-- SUPPLIED DATA --
▼▼▼

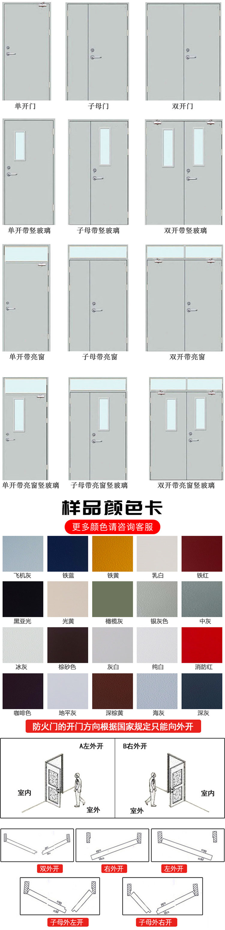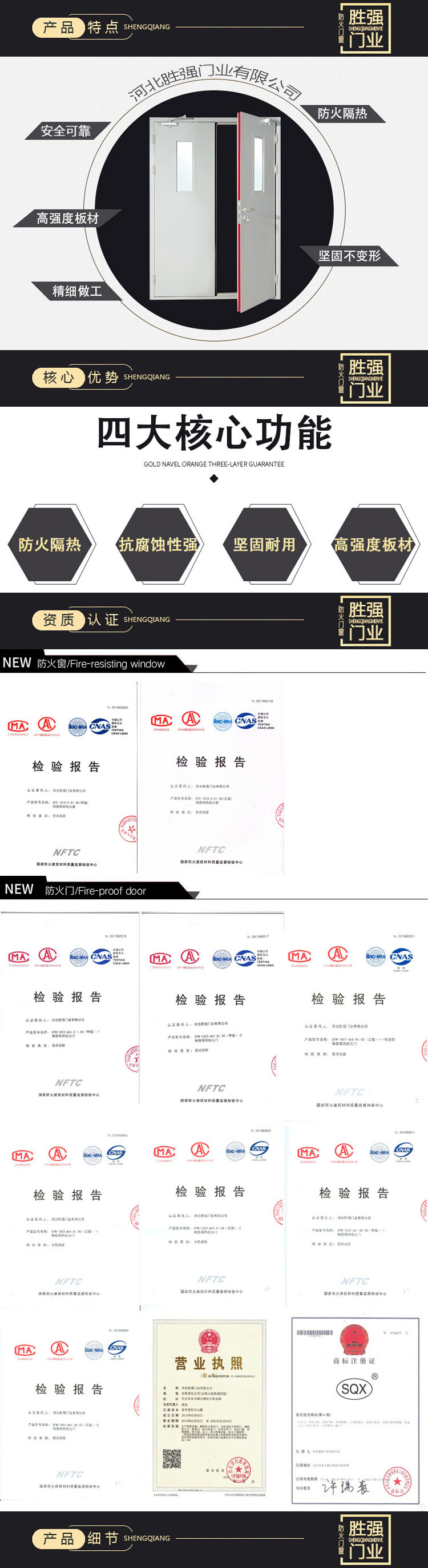 主营产品:防火门、防火窗、防火卷帘门、防盗门、工业门等
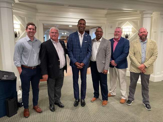 Photo 2: (left to right) Chip Fallaw, Apprenticeship Carolina; Dr. Jordan Booth, USGA-Green Section; Charles Granger, HGTC Chair and Professor of Golf and Sports Turf Management; Jim Huntoon, HGTC Associate Professor of Golf and Sports Turf Management; Brandon Haselden, HGTC Assistant Vice President and Dean; Vincent Myers, HGTC Workforce Development Manager; Dr. Carson Letot, USGA-GAP Program; Dr. Matt Pringle, USGA-Green Section
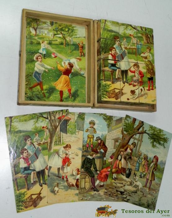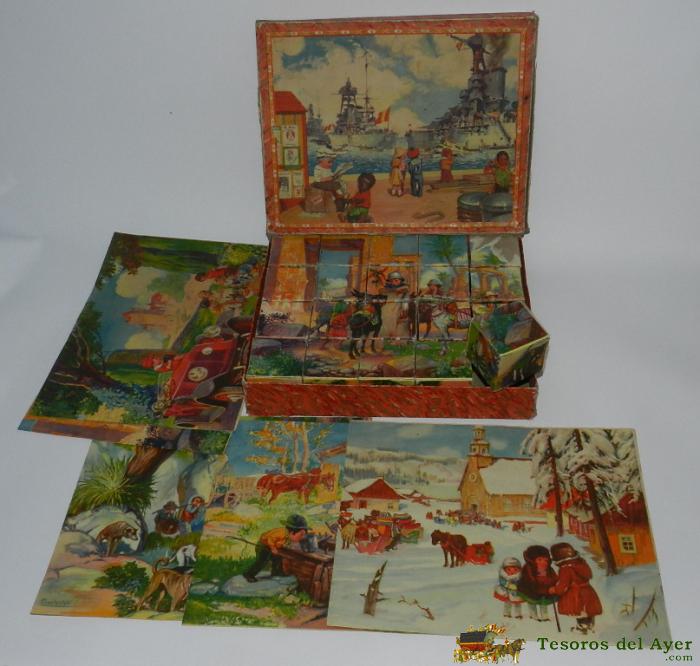ANTIGUO ROMPECABEZAS INFANTIL, LITOGRAFIADO, CUBOS DE CARTON, CON SU CAJA ORIGINAL DE MADERA Y SUS LAMINAS, BUEN ESTADO DE CONSERVACION, LA CAJA MIDE 19,5 X 15 X 5 CMS.
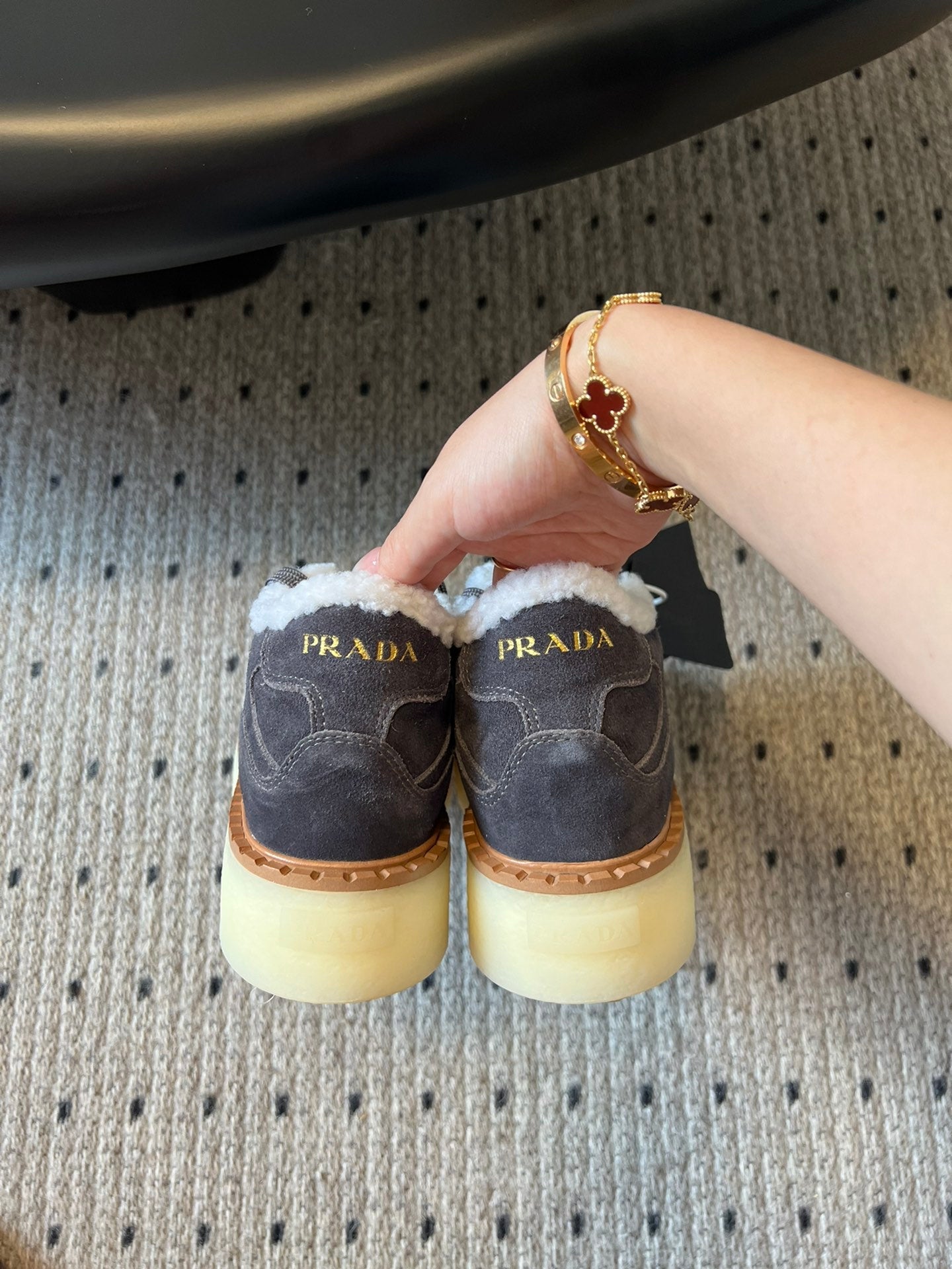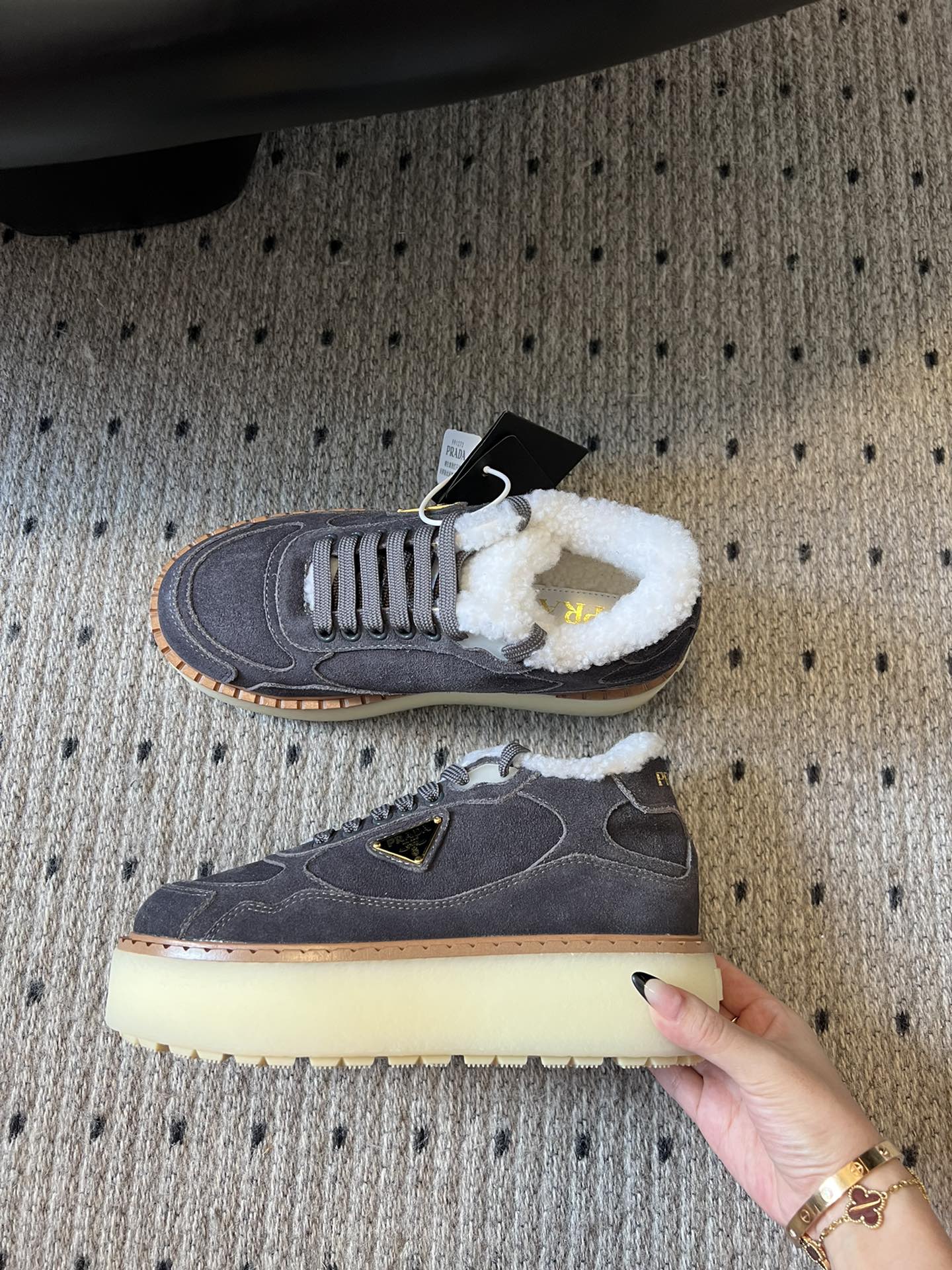 Prada 25s Mid-Top Sneaker Dark Gray Suede And Wool 538434
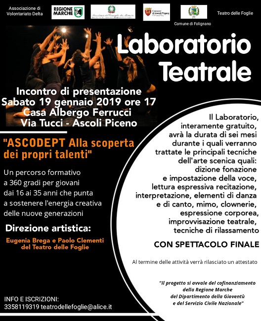 ASCOLI PICENO – Prenderà il via sabato 19 gennaio il progetto “Ascodept – Alla scoperta dei propri talenti”,un percorso formativo teatrale a 360 gradi per giovani dai 16 ai 35 anni che punta a sostenere l’energia creativa delle nuove generazioni.
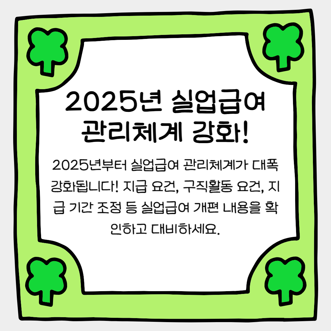 2025년부터 실업급여 관리체계가 대폭 강화됩니다! 지급 요건, 구직활동 요건, 지급 기간 조정 등 실업급여 개편 내용을 확인하고 대비하세요.
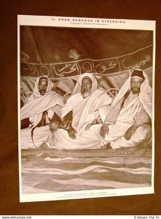 Rara stampa Estratta da Rivista d'epoca del 1913 . .stampa che ha quindi oltre 101 anni! Cirenaica o Libia nel 1913 Il gran Senusso Sidi Ahmed El Sceriff Presso la tenda di Omar Mansour II1913-004 Dimensioni Cm 24,00 x 31,00 Qualora vogliate delle scansioni migliori contattateci, soddisferemo ogni vostra richiesta. PaypalCarta di creditoBonifico bancario Accuratamente adagiate su un cartoncino e protette da pellicola trasparente rigida,il tutto viene inserito dentro plico di adeguate dimensioni per proteggerne l'integrità.
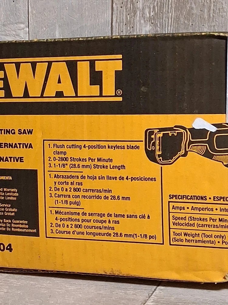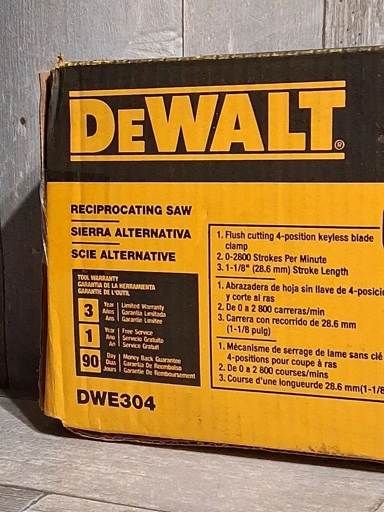 The Dewalt DWE304 Reciprocating Saw is a powerful 10 Amp corded tool designed for a variety of cutting tasks in the home and workshop. With the DEWALT brand known for its quality and durability, this model is sure to deliver precise and efficient cutting performance. The reciprocating saw design allows for easy handling and maneuverability, making it a versatile tool for DIY projects and professional tasks alike. Whether you're cutting through wood, plastic, or other materials, the Dewalt DWE304 is a reliable choice for any job.
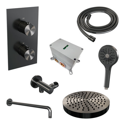 De set is gemaakt van messing, wat bekend staat als een stevig en duurzaam materiaal voor sanitair. De afwerking is geborsteld gunmetal PVD. PVD-coating zorgt voor een krasvaste en kleurvaste laag, wat handig is als je lang wilt genieten van de gekozen kleur. Naast deze uitvoering kun je de set ook krijgen in chroom, geborsteld goud PVD, geborsteld koper PVD, geborsteld RVS PVD en mat zwart. De thermostaat zorgt ervoor dat je de watertemperatuur constant houdt, wat prettig is tijdens het douchen. De handdouche biedt drie verschillende straalsoorten, die je met één druk op de knop kunt wisselen. Het inbouwdeel wordt meegeleverd, wat het installeren van de set overzichtelijker maakt.

▲▲▲

-- TASK DIRECTIONS --
Look above for the line with "Prada 25s Mid-Top", then give again exactly every line from there through the line with "2025년부터 실업급여 관리체계가", skipping the pictures.

-- RESPONSE BOX --
 Prada 25s Mid-Top Sneaker Dark Gray Suede And Wool 538434
 ASCOLI PICENO – Prenderà il via sabato 19 gennaio il progetto “Ascodept – Alla scoperta dei propri talenti”,un percorso formativo teatrale a 360 gradi per giovani dai 16 ai 35 anni che punta a sostenere l’energia creativa delle nuove generazioni.
 2025년부터 실업급여 관리체계가 대폭 강화됩니다! 지급 요건, 구직활동 요건, 지급 기간 조정 등 실업급여 개편 내용을 확인하고 대비하세요.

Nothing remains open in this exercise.